Being able to visualize the intricate 3D structure of biological tissues at the micro-scale (i.e., microstructure) is crucial to fully understand their functioning, as well as the impact of pathologies and their treatments.
However, conventional techniques such as classical 2D histological sectioning only partially reveals this complex 3D microstructure of tissues.
In this regard, X-ray based 3D histology, using contrast-enhanced microCT (CECT), can provide important complementary microstructural information.

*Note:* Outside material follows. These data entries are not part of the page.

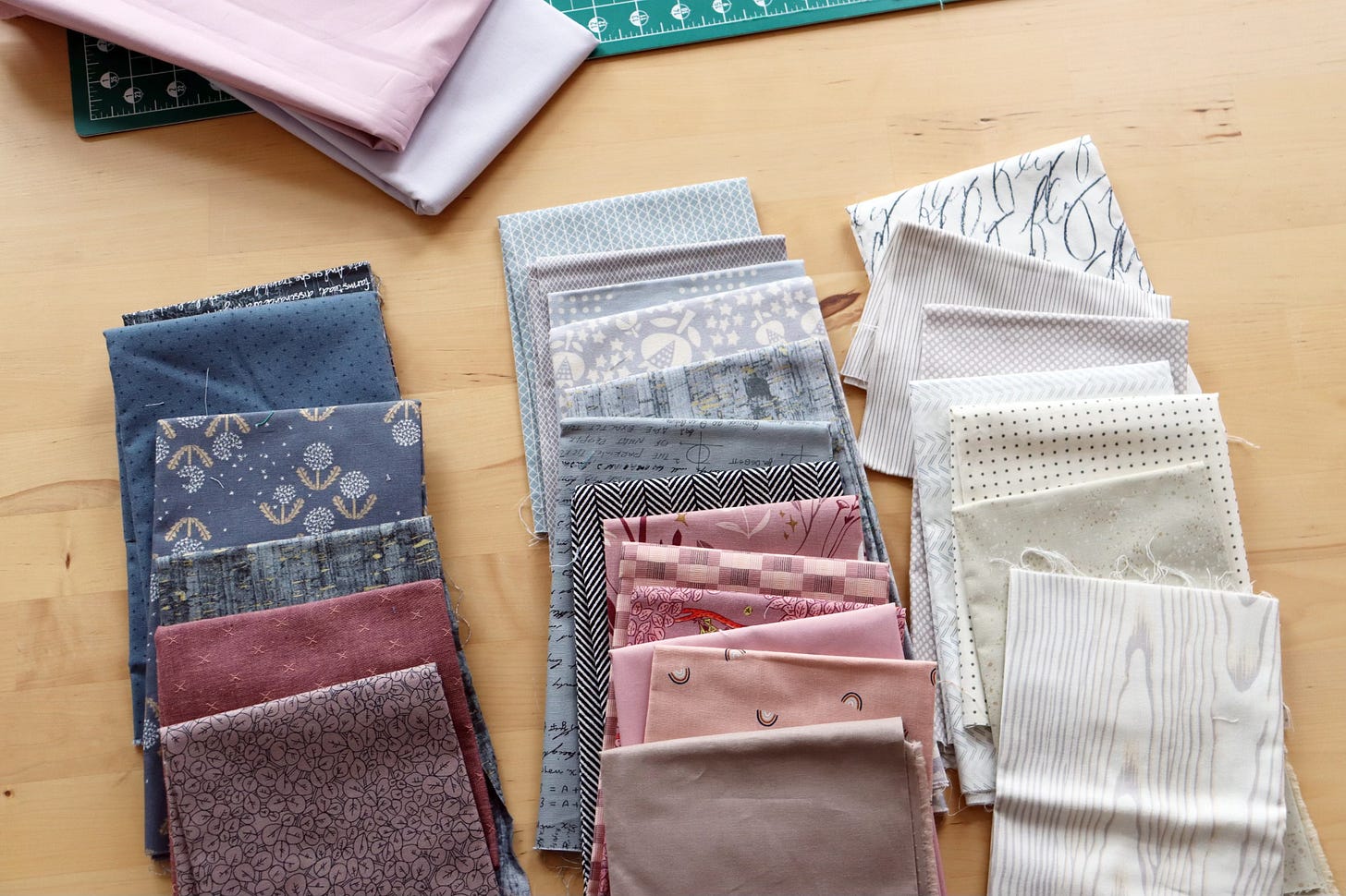 I started with the idea of gray + hints of desaturated purples. I’m focusing on grays with a neutral or blue tint, and excluding the green grays because they feel less somber. The two solids at top right are my idea for the solid elements of the Tapestry Garden quilt. One is a pale gray-lilac and the other is a pale mauve.
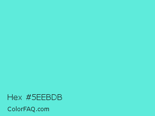 Hex #5eebdb Color is a light cyan color and the nearest color is Turquoise Blue #6cdae7. Hex code #5eebdb and RGB value is rgb(94,235,219). In RGB color space, this color is composed of 37% red, 92% green, 86% blue, In CMYK color space, this color is composed of 60% cyan, 0% magenta, 7% yellow , 8% black , In HSL color space, this color has a hue angle of 173° , 78% saturation and 65% lightness.
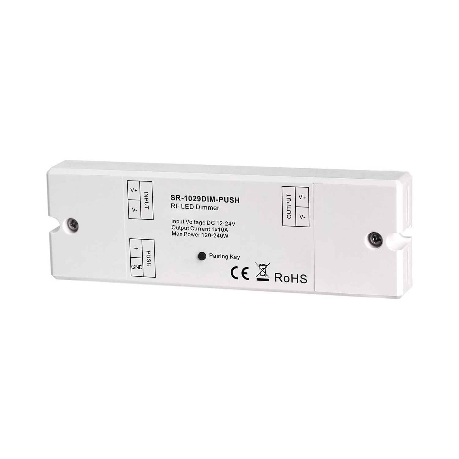 The RF Receiver operates on a 868MHz radio frequency, ensuring stable and efficient communication for various RF-controlled devices. It is designed to work seamlessly with compatible transmitters, making it ideal for controlling lighting and other connected systems.
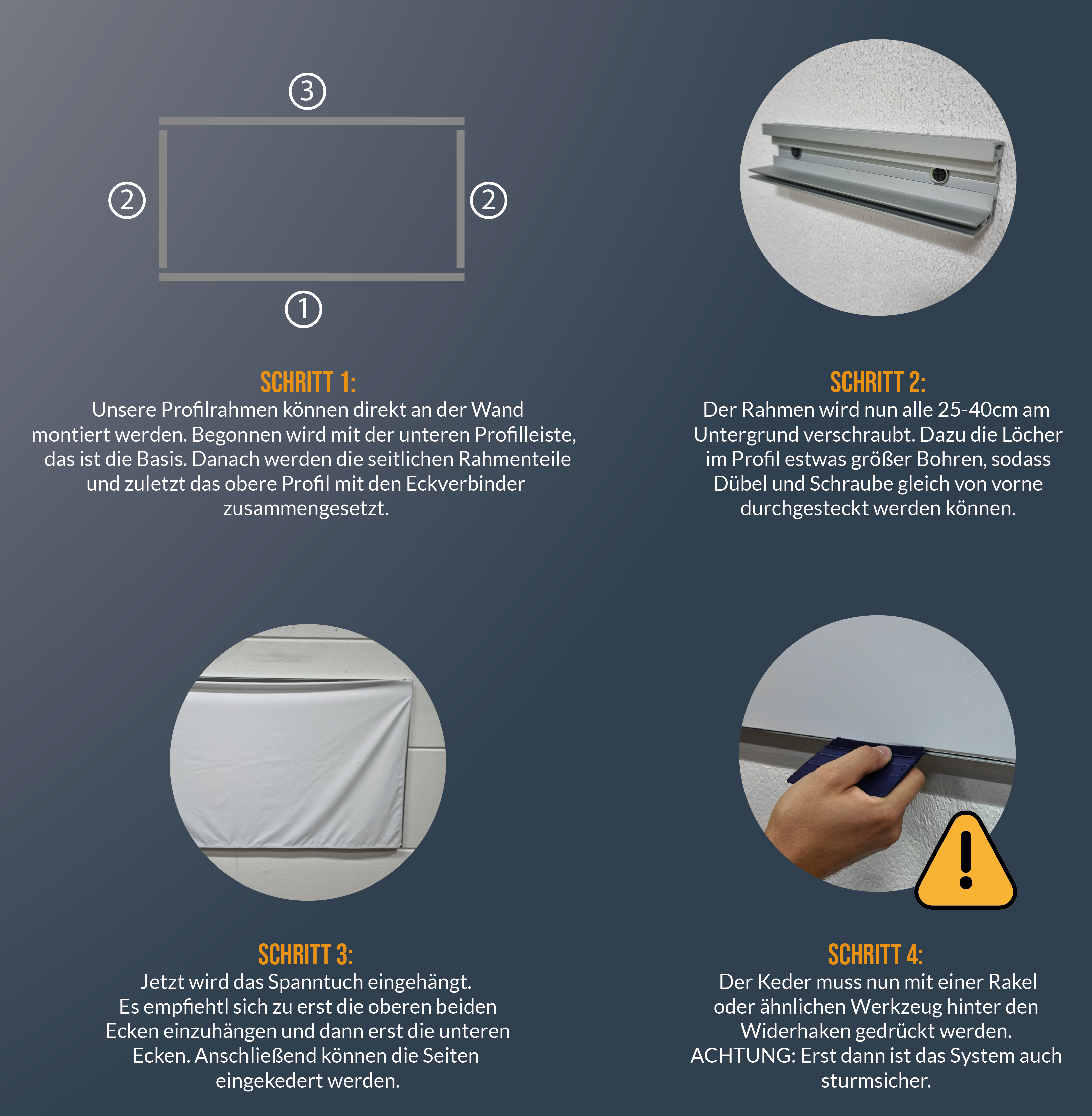 Das Profil für unbeleuchtete Gummilippenspannrahmen im AUSSENBEREICH! Der Widerhaken am innenliegenden Steg sorgt für absolut sicheren Halt des Spanntuches OHNE jegliche zusätzliche Sicherung!
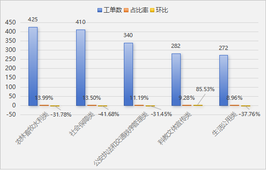 (三)訴求內容分析。2月,群眾來電訴求主要集中在:農林畜牧水利類425件,占訴求量的13.99%;社會保障類410件,占訴求量的13.5%;公安執法和交通秩序管理類340件,占訴求量的11.19%;科教文體宣傳類282件,占訴求量的9.28%;生活公用類272件,占訴求量的8.96%。與上月數據相比,本月科教文體宣傳類環比增長85.53%,公安執法和交通秩序管理類環比減少31.45%,農林畜牧水利類環比減少31.78%,生活公用類環比減少37.76%,社會保障類環比減少41.68%。
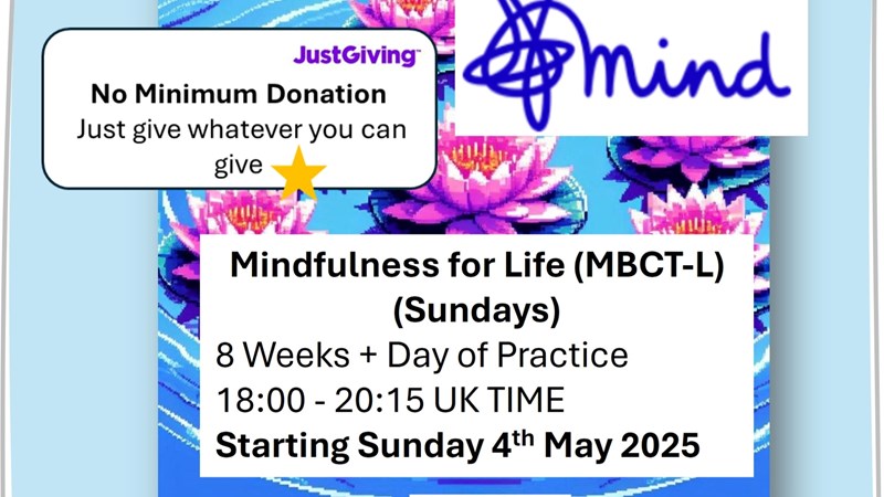 Please feel free to donate to Mind in support of Dean and/or Purple Lotus, and/or apply for a place on the course.
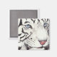 Una vista de primer plano de un tigre blanco adorna este encantador imán de arte. Creado a partir de las inspiraciones artísticas de Mona Majorowicz de la Galería de Caras Silvestres.
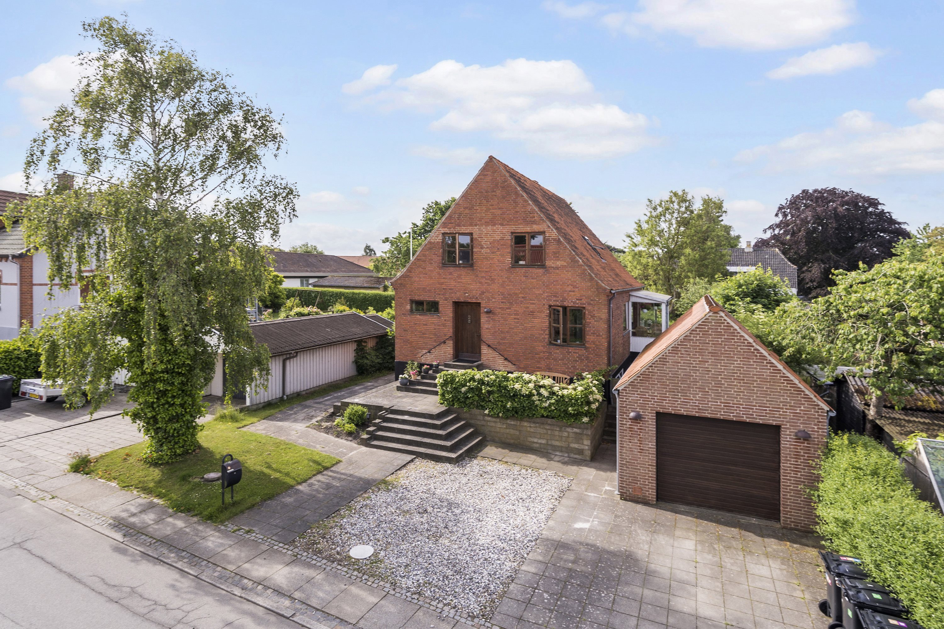 Den rødmurede villa er et solidt bygget eksemplar fra 1939, som rummer 138 boligkvadratmeter foruden de 78 kvadratmeter i kælderen. Boligen er i store træk fin og funktionel, og med en let opdatering, et nyt køkken og lidt maling på væggene, kan den hurtigt fremstå helt indflytningsklar. Kælderen skal der også gøres lidt ved, inden den kan tages i brug, men til gengæld er den høj, lys og med gode disponible rum.
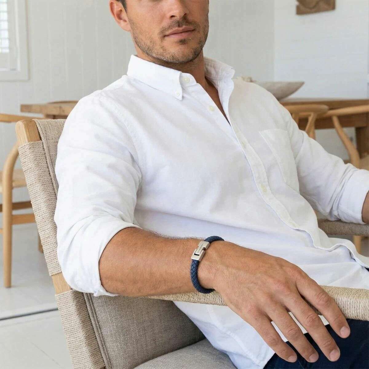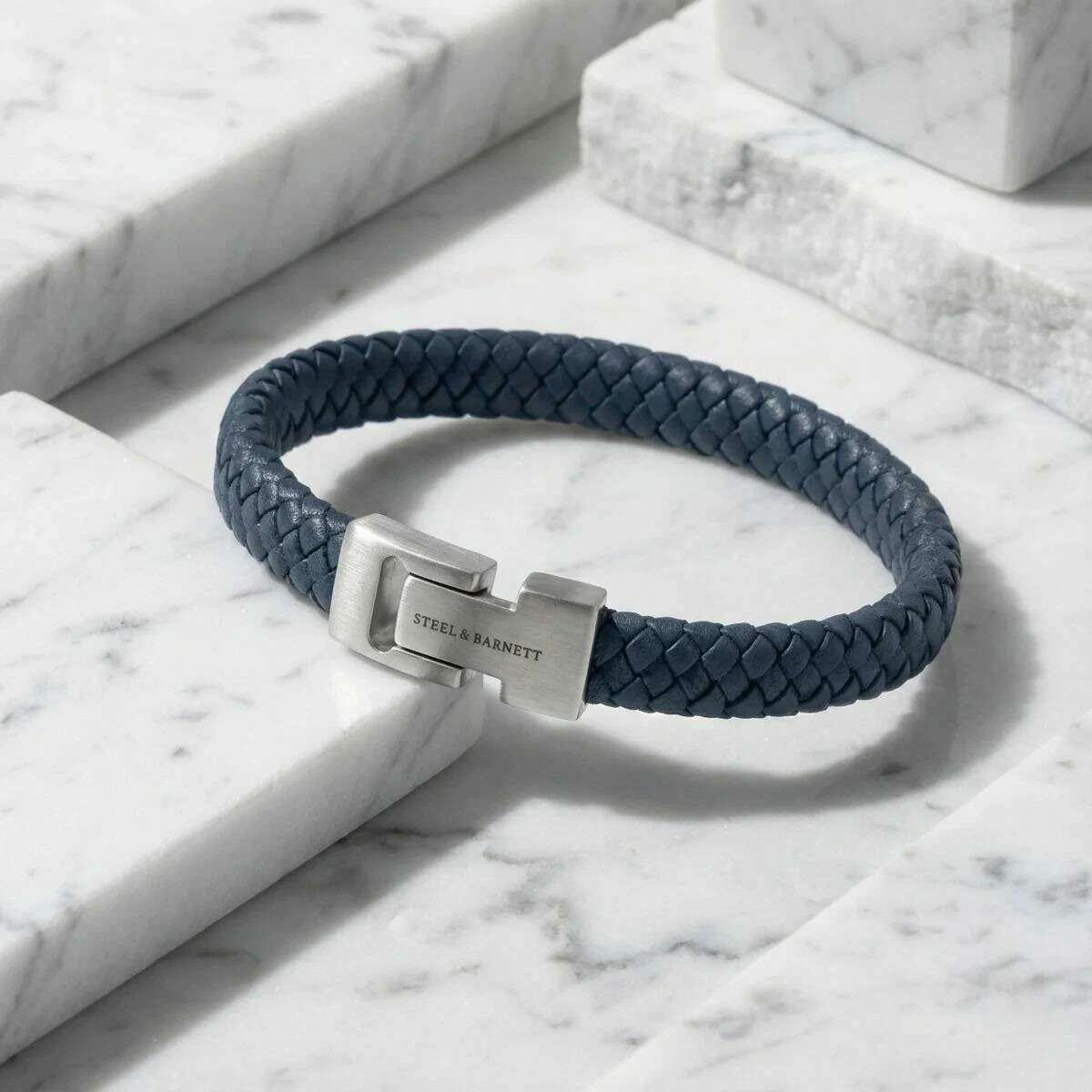 Detta archie flätade läderarmband för män är tillverkat av 100 % nappaläder och rostfritt stål, presenterat i en blå färg och är från märket Steel & Barnett. Alla armband levereras kompletta med stål & barnett förpackningar. Steel & Barnett Archie Braided Leather Armband - Jeans Blue förkroppsligar den perfekta balansen mellan enkelhet och elegans. Sakkunnigt handgjorda av äkta Nappa-läder, dess släta 8 mm-band ger en ren, minimalistisk estetik som passar alla stilar. Designen är förhöjd av en signatur, borstad silverlås, fint graverad med STEEL & BARNETT-logotypen, som erbjuder en subtil touch av distinktion. Armbandet är byggt för lång livslängd och har ett högkvalitativt 316L rostfritt stållås, berömt för sin hållbarhet och korrosionsbeständighet. Dess magnetiska fäste säkerställer lätt slitage, vilket ger en säker och bekväm passform hela dagen. Mångsidig och raffinerad, Archie övergår sömlöst från formella tillfällen till avslappnade miljöer och lägger till ett lager av diskret sofistikering till varje outfit.
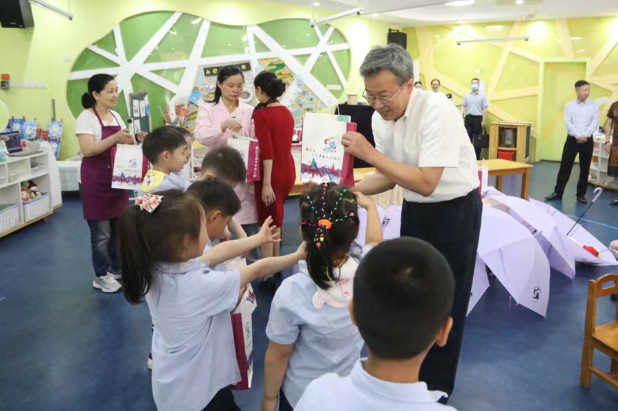 因為疫情防控的要求,今年“六一”活動是以班級為單位開展的。李小年一行參觀了夢溪園區(qū)和尚德園區(qū),實地查看了幼兒園的室內(nèi)外活動場所、生活及活動情況,現(xiàn)場觀看了中班和托小班小朋友們的游戲活動,并與小朋友們一起互動,現(xiàn)場歡聲笑語、熱鬧非凡。李小年代表學(xué)校向小朋友們表達了關(guān)愛之意,祝小朋友們節(jié)日快樂、健康成長,并給小朋友們送去了精美的禮品。
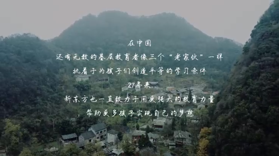 “三个老家伙”回忆起当初选择扎根农村教育的原因,想起一直以来走过的路。他们以为可以凭借自己的努力改变更多孩子的人生,却在双鬓斑白时因为“缺少英语老师”这事儿束手无策。就在此时,短片开头那位离开的小赵老师,给他们送来了新东方在线的网课,让这些娃娃们在线也能学到英语,所有问题也都迎刃而解。

In our publication in Nature Communications (Nature Portfolio), we present an extension to conventional CECT, termed Cryogenic Contrast-Enhanced MicroCT (cryo-CECT), which combines sample staining with subsequent freezing at the optimal freezing rate, followed by microCT imaging in the frozen state. Using cryo-CECT we were able to substantially improve the visualization of soft biological tissue constituents, such as individual muscle & collagen fibers. To demonstrate the histopathological potential of cryo-CECT, we applied our technique to a disease heart model (TAC). Thanks to cryo-CECT, we were able to analyze, in an unprecedented manner, the orientation and diameter of individual muscle fibers in the entire heart, as well as the 3D localization of fibrotic regions. We foresee further applications of cryo-CECT in the optimization of tissue/food preservation and donor banking, showing that cryo-CECT also has clinical and industrial potential.